Le bonheur n'était pas sa destination naturelle
Avoir la quarantaine est pour moi une série de petits deuils à traverser parce que j'observe maintenant la vie avec lucidité. C'est étrange à décrire, mais ce que je trouve le plus difficile, c'est de faire le deuil de la jeune femme romanesque et un peu triste que j'étais, vers 17-23 ans... C'est comme si je ne voulais pas détruire la poésie que j'imagine encore se cacher derrière les espoirs qui m'habitaient. Ces espoirs ne pouvaient appartenir qu'à quelqu'un qui sortait de l'adolescence... Il le fallait pour s'imaginer pouvoir vivre du matin au soir dans un état de douce mélancolie!
J'étais malheureuse, oui... Mais j'étais exaltée et entière dans cette mélancolie. Ces quelques années formatrices ont été la période la plus riche en création artistique de ma vie. J'avais le cœur en peine et mes peintures étaient senties... Je vivais dans une innocence que je n'ai plus : l'innocence de la jeunesse. C'est le moment où toutes les possibilités s'offrent à soi...
Aujourd'hui j'ai le double de cet âge et je me sens privilégiée. Je n'ai jamais été heureuse comme je le suis maintenant. J'ai cependant l'impression d'avoir perdu contact avec cette jeune version de moi en goûtant au bonheur. Mon exaltation a laissé place à une stabilité émotionnelle, mon idéalisme a laissé place au discernement, et mes rêves d'amour éperdu ont laissé place à une vie de couple épanouissante.
Mais la jeune femme que j'étais, là-dedans? Elle n'a sa place nulle part...
Le bonheur n'était pas sa destination naturelle. Quelque chose l'a poussée à redresser son destin d'un coup de barre...
C'était une sage décision, mais la coupure fut réelle. Et c'est ce deuil que je n'ose pas faire.

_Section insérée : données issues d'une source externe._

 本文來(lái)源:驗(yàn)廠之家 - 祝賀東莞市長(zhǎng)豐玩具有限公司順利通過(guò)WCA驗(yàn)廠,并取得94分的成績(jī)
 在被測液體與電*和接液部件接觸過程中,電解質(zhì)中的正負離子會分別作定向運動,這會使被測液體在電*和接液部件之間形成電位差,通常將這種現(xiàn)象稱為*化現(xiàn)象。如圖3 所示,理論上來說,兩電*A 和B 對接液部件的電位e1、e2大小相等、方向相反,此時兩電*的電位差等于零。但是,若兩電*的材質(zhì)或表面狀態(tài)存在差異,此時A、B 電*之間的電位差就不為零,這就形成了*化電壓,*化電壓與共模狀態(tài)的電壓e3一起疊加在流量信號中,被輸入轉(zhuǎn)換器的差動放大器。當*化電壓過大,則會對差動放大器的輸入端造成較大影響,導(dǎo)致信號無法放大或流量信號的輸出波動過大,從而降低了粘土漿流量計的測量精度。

Je me retrouve parfois, à mon âge, à me sentir comme une imposteure; je me sens coupable d'aller de l'avant parce que souhaite inconsciemment rester fidèle au souvenir de cette jeune femme que je ne suis plus depuis longtemps... Et ce, même si j'ai réalisé avec le temps avoir développé la personnalité d'une personne qui aurait pu la délivrer, elle. J'attendais l'intervention d'une personne extérieure; jamais il ne me serait venu à l'idée de devenir la personne qui me sauverait. Mais c'est bien ce que je suis devenue aujourd'hui. J'ai le portrait psychologique de quelqu'un que j'aurais aimé rencontrer. Je ne serai jamais le beau jeune homme impétueux que je voyais dans mes rêves, mais pour les autres traits de caractère, je me débrouille assez bien... Et je ressens cette grande force en moi que j'étouffe même si elle souhaite se déployer, parce que... parce que cette puissance intérieure ne ressemble pas à ce que j'étais.
Ces deux versions de moi ne peuvent cohabiter ensemble. Je crois qu'il est le temps de renverser les rôles et de faire mon deuil une fois pour toutes. De dire à la jeune femme que j'étais : « Je t'honore en te disant adieu. Je ne serai plus jamais toi. Je te retrouverai par l'imagination et par la création lorsque je souhaiterai me souvenir de toi. Je te dis adieu pour réaliser pleinement ce à quoi tu rêvais; je te dis adieu parce que je t'aime de tout mon cœur. »
Et s'amorcera alors la deuxième moitié de ma vie.